Reading the Bible recently, the thick New English Oxford study edition I’ve toted around for twenty-nine years, I was electrified by John 3: 19–25. In this story Jesus is traveling and teaching, and he meets a Samaritan woman at a well in the heat of the day. It was against Jewish mores to have dealings with the tainted Samaritans, and to speak to an unknown, lone woman.

Jesus wows her by telling her he knows she’s been married five times and is living with a sixth man—why the shunned creature was at the well in the scorching heat instead of filling her pots with other women in the cool of the morning. Maybe she was infertile, a real deal-breaker in those days.

I quote (and highlight):

“Sir,” she replied, “I can see that you are a prophet. Our fathers worshipped on this mountain, but you Jews say that the temple where God should be worshipped is in Jerusalem.”

“Believe me,” said Jesus, “the time is coming when you will worship the Father neither on the mountain, nor in Jerusalem.”

This is a radical statement. What he’s staying is that God is not place-based—neither in a pagan mountain shrine nor above even Judaism’s highest holy Temple. God is far from clan-based. By dint of this: not race-based, nor nation-based. Jesus, as I see it, is moving God deeper inside us.

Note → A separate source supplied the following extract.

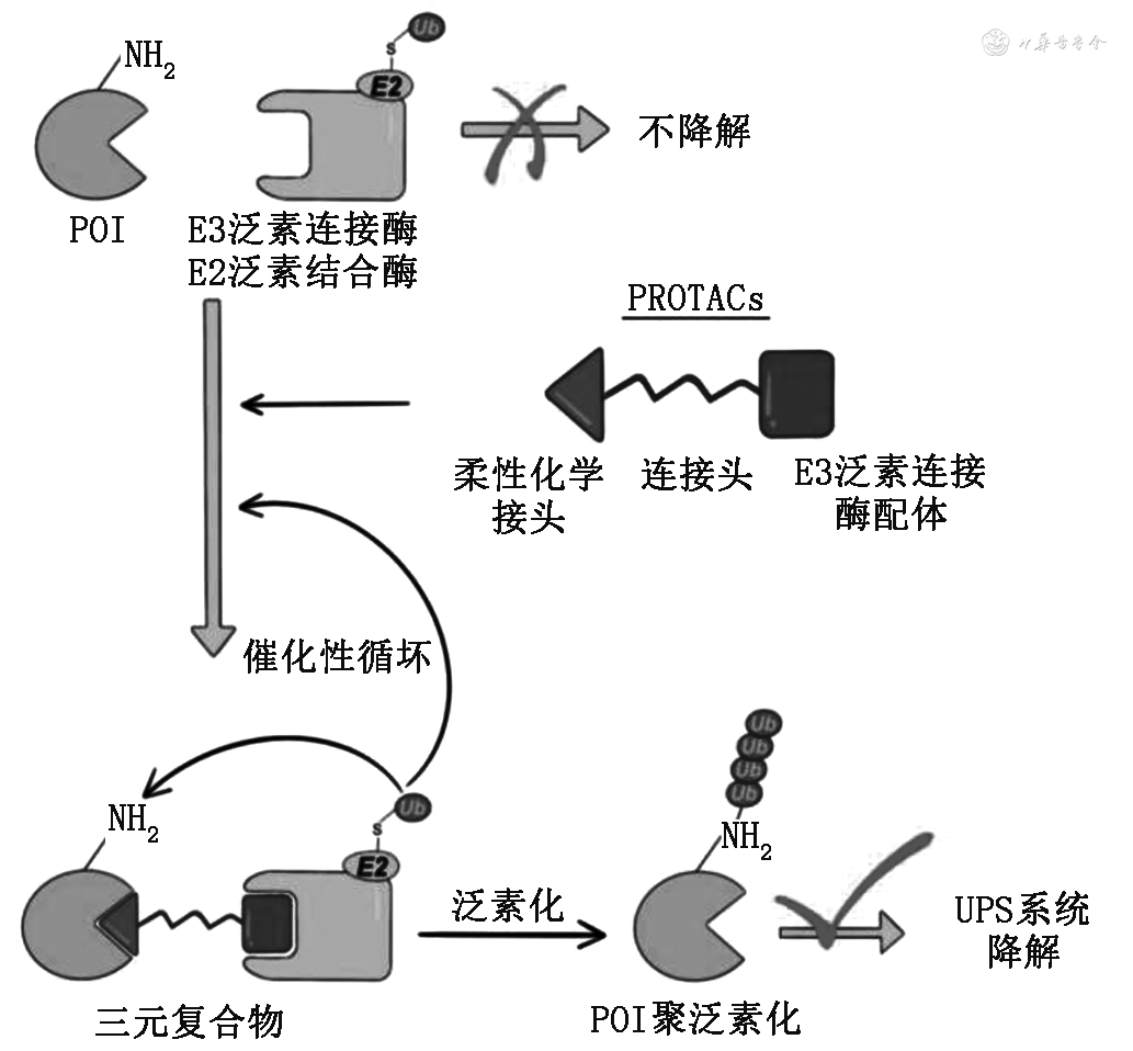在癌症治疗方面,降解蛋白质比抑制蛋白质合成具有更大疗效[7]。靶向蛋白质降解(targeted protein degradation,TPD),即消除靶蛋白(protein of interest,POI)的过程,在癌症治疗领域具有可观的发展前景[8]。PROTACs的概念最早在2001年由Crews和Deshaies提出,并成功利用该技术对甲硫氨酰氨肽酶2(MetAp-2)进行降解[9]。PROTACs是一种具有异源双功能的小分子降解剂,由3个元素构成:两端分别为POI结合配体和E3泛素连接酶(ubiquitin-ligase enzymes E3)配体,中间为连接头(linker)。当PROTACs进入细胞后,通过柔性化学接头识别并结合POI,特异性募集E3泛素连接酶,形成稳定的“POI-PROTACs-E3泛素化连接酶”三元复合物。E2泛素结合酶(ubiquitin-conjugating enzyme E2-UCE)与E3泛素连接酶共同作用将POI聚泛素化标记后,通过细胞内现存的泛素-蛋白酶体系统(ubiquitin-proteasome system,UPS)特异并高效地使POI降解,从而治疗疾病[10](图1)。

“It is from the Jews that salvation comes,” Jesus continues. “But the time approaches, indeed it is already here, when those who are real worshippers will worship the Father in spirit and in truth. Such are the worshippers whom the Father wants. God is spirit, and those who worship him must worship in spirit and in truth.”

God is spirit.

Not a man in the sky. A spirit—something discovered by us, not created by us—is approached submissively in the human search for truth.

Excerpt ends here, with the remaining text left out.